- TASK STATEMENT
Your reply should be an exact copy of every entry, with the pictures removed.
○ ○ ○ ○
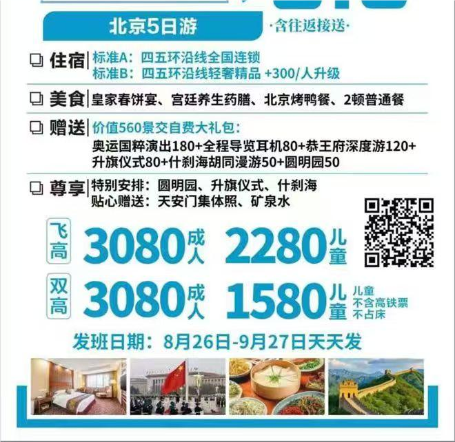 早餐打包,前往天安門廣場觀看大國禮儀神圣典禮【升國旗儀式】(如預(yù)約不上升旗則改為降旗,旅行社不承擔(dān)任何責(zé)任),游覽【毛主席紀(jì)念堂】瞻仰毛主席儀容(若遇政府關(guān)閉或限制團隊流量預(yù)約不上則改為參觀外景,旅行社不負(fù)任何責(zé)任),游世界現(xiàn)存最大的古代宮殿建筑群【故宮博物院深度游】(首道門票,不少于2小時),身處紅墻黃瓦,金碧輝煌的殿宇樓臺中,穿越時光年輪追溯那鼎盛的康乾盛世,眼前浮現(xiàn)歷史的滾滾煙幕。 中餐安排特色【北京京味菜】特別安排品嘗北京烤鴨體驗老北京的美食;后參觀【什剎海胡同漫游】(不少于45分鐘。)什剎海指前海、后海、西海三個湖泊及鄰近地區(qū),這里擁有大片優(yōu)美的湖面,也是北京著名的一片歷史街區(qū),眾多名人故居,王府等古跡散落其中,還有貼近老百姓生活的各種美食,后海酒吧街更是京城夜生活的老牌勝地。 游覽明清兩朝歷代皇帝祭天之地【天壇公園】是世界文化遺產(chǎn),明清兩代二十四位帝王舉行登基大典及祭祀天神的專用祭壇,也是世界上現(xiàn)存規(guī)模最大,最完美的古代祭天建筑群。(首道門票,不少于1小時),后觀北京【國粹表演】——京城第一秀(與海內(nèi)外上千名游客共同欣賞為北京奧運特創(chuàng)編排,節(jié)目精彩絕倫,觀看1小時);晚餐后入住酒店休息; ☆溫馨提示:1、當(dāng)天行程景點位于北京古老中軸線上,全天以步行為主。加之此中心區(qū)域為國家重要職能部門所在地,交通管制嚴(yán)格明確,單行道內(nèi)不可隨意停車。故在此區(qū)域候車時間較長,步行路程較多,敬請?zhí)崆白龊眯睦頊?zhǔn)備,謝謝配合及理解。
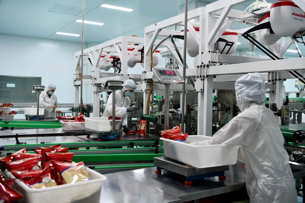 12月23日,工人在石家庄市栾城区的石家庄鑫源饮品有限公司全自动包装车间里忙碌。
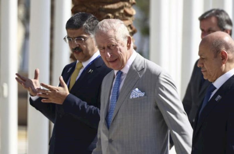 Böyük Britaniya kralı III Çarlz BMT-nin Dubayda keçirilən iqlimlə bağlı “COP28” konfransında Yunanıstan bayrağının rənglərinə və simvollarına bənzəyən mavi və ağ rəngli qalstuk taxıb.
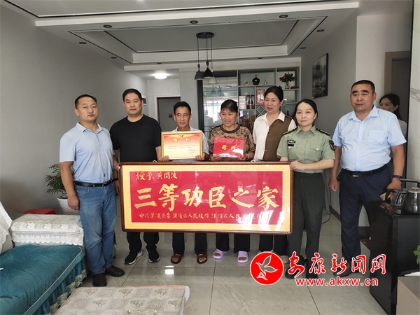 “感謝你們?yōu)閲澜ㄔO(shè)的大力支持和默默付出,也感謝你們?yōu)椴筷犈囵B(yǎng)了一名優(yōu)秀的士兵,一人立功、全家光榮,希望你們繼續(xù)做好兒子的堅強后盾,讓孩子在部隊再立新功。”在現(xiàn)役軍人黃開波的家里,鎮(zhèn)領(lǐng)導把一面“三等功之家”的牌匾送到黃開波的父親黃朝德的手里時動情地說。
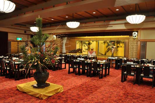 お正月期間に游月山荘にご宿泊のお客様は、この宴会場でのご朝食となります。
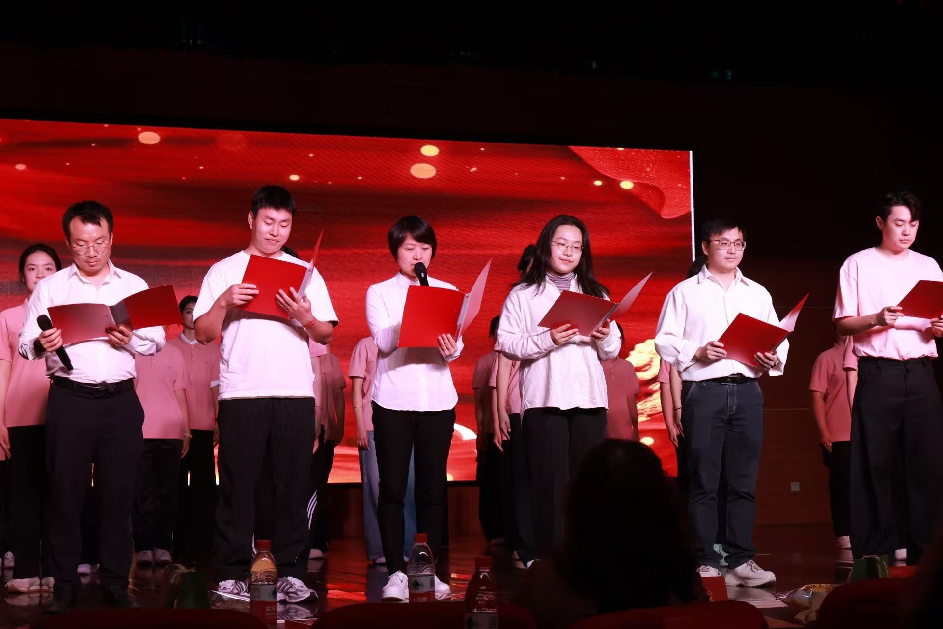 晚会在开场舞《Diamonds》的动感节拍中拉开帷幕,点燃全场热情。随后的节目异彩纷呈:歌曲《改变自己》与《国王与乞丐》风格迥异,或激昂向上,或深情婉转,展现出音乐的多元魅力;乐器合奏《诀别书》旋律动人,演奏者们默契配合,尽显专业素养;舞蹈《飞天茅台》&《Dancing alone》将传统与现代元素巧妙融合,舞步灵动,创意十足;魔术《幸福》变幻莫测,引得现场惊叹连连;小品《少爷和小姐》表演幽默,情节逗趣,笑声掌声此起彼伏。晚会尾声,新生辅导员胡思琦与班导、教官们共同献唱《我的未来式》,以青春之声寄语未来;新生合唱团与班导师以一曲深情庄重的《他在那里站岗》为晚会画上圆满句号。
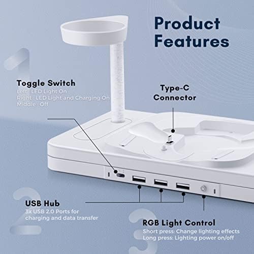 USB 2.0 Ports for Charging and Data Transfer – The charging dock has three USB ports that can be used to charge devices, connect devices, and transmit data. Ideal for playing while attaching and charging controllers and other gadgets
○ ○ ○ ○
- SOLUTION BELOW
 早餐打包,前往天安門廣場觀看大國禮儀神圣典禮【升國旗儀式】(如預(yù)約不上升旗則改為降旗,旅行社不承擔(dān)任何責(zé)任),游覽【毛主席紀(jì)念堂】瞻仰毛主席儀容(若遇政府關(guān)閉或限制團隊流量預(yù)約不上則改為參觀外景,旅行社不負(fù)任何責(zé)任),游世界現(xiàn)存最大的古代宮殿建筑群【故宮博物院深度游】(首道門票,不少于2小時),身處紅墻黃瓦,金碧輝煌的殿宇樓臺中,穿越時光年輪追溯那鼎盛的康乾盛世,眼前浮現(xiàn)歷史的滾滾煙幕。 中餐安排特色【北京京味菜】特別安排品嘗北京烤鴨體驗老北京的美食;后參觀【什剎海胡同漫游】(不少于45分鐘。)什剎海指前海、后海、西海三個湖泊及鄰近地區(qū),這里擁有大片優(yōu)美的湖面,也是北京著名的一片歷史街區(qū),眾多名人故居,王府等古跡散落其中,還有貼近老百姓生活的各種美食,后海酒吧街更是京城夜生活的老牌勝地。 游覽明清兩朝歷代皇帝祭天之地【天壇公園】是世界文化遺產(chǎn),明清兩代二十四位帝王舉行登基大典及祭祀天神的專用祭壇,也是世界上現(xiàn)存規(guī)模最大,最完美的古代祭天建筑群。(首道門票,不少于1小時),后觀北京【國粹表演】——京城第一秀(與海內(nèi)外上千名游客共同欣賞為北京奧運特創(chuàng)編排,節(jié)目精彩絕倫,觀看1小時);晚餐后入住酒店休息; ☆溫馨提示:1、當(dāng)天行程景點位于北京古老中軸線上,全天以步行為主。加之此中心區(qū)域為國家重要職能部門所在地,交通管制嚴(yán)格明確,單行道內(nèi)不可隨意停車。故在此區(qū)域候車時間較長,步行路程較多,敬請?zhí)崆白龊眯睦頊?zhǔn)備,謝謝配合及理解。
 12月23日,工人在石家庄市栾城区的石家庄鑫源饮品有限公司全自动包装车间里忙碌。
 Böyük Britaniya kralı III Çarlz BMT-nin Dubayda keçirilən iqlimlə bağlı “COP28” konfransında Yunanıstan bayrağının rənglərinə və simvollarına bənzəyən mavi və ağ rəngli qalstuk taxıb.
 “感謝你們?yōu)閲澜ㄔO(shè)的大力支持和默默付出,也感謝你們?yōu)椴筷犈囵B(yǎng)了一名優(yōu)秀的士兵,一人立功、全家光榮,希望你們繼續(xù)做好兒子的堅強后盾,讓孩子在部隊再立新功。”在現(xiàn)役軍人黃開波的家里,鎮(zhèn)領(lǐng)導把一面“三等功之家”的牌匾送到黃開波的父親黃朝德的手里時動情地說。
 お正月期間に游月山荘にご宿泊のお客様は、この宴会場でのご朝食となります。
 晚会在开场舞《Diamonds》的动感节拍中拉开帷幕,点燃全场热情。随后的节目异彩纷呈:歌曲《改变自己》与《国王与乞丐》风格迥异,或激昂向上,或深情婉转,展现出音乐的多元魅力;乐器合奏《诀别书》旋律动人,演奏者们默契配合,尽显专业素养;舞蹈《飞天茅台》&《Dancing alone》将传统与现代元素巧妙融合,舞步灵动,创意十足;魔术《幸福》变幻莫测,引得现场惊叹连连;小品《少爷和小姐》表演幽默,情节逗趣,笑声掌声此起彼伏。晚会尾声,新生辅导员胡思琦与班导、教官们共同献唱《我的未来式》,以青春之声寄语未来;新生合唱团与班导师以一曲深情庄重的《他在那里站岗》为晚会画上圆满句号。
 USB 2.0 Ports for Charging and Data Transfer – The charging dock has three USB ports that can be used to charge devices, connect devices, and transmit data. Ideal for playing while attaching and charging controllers and other gadgets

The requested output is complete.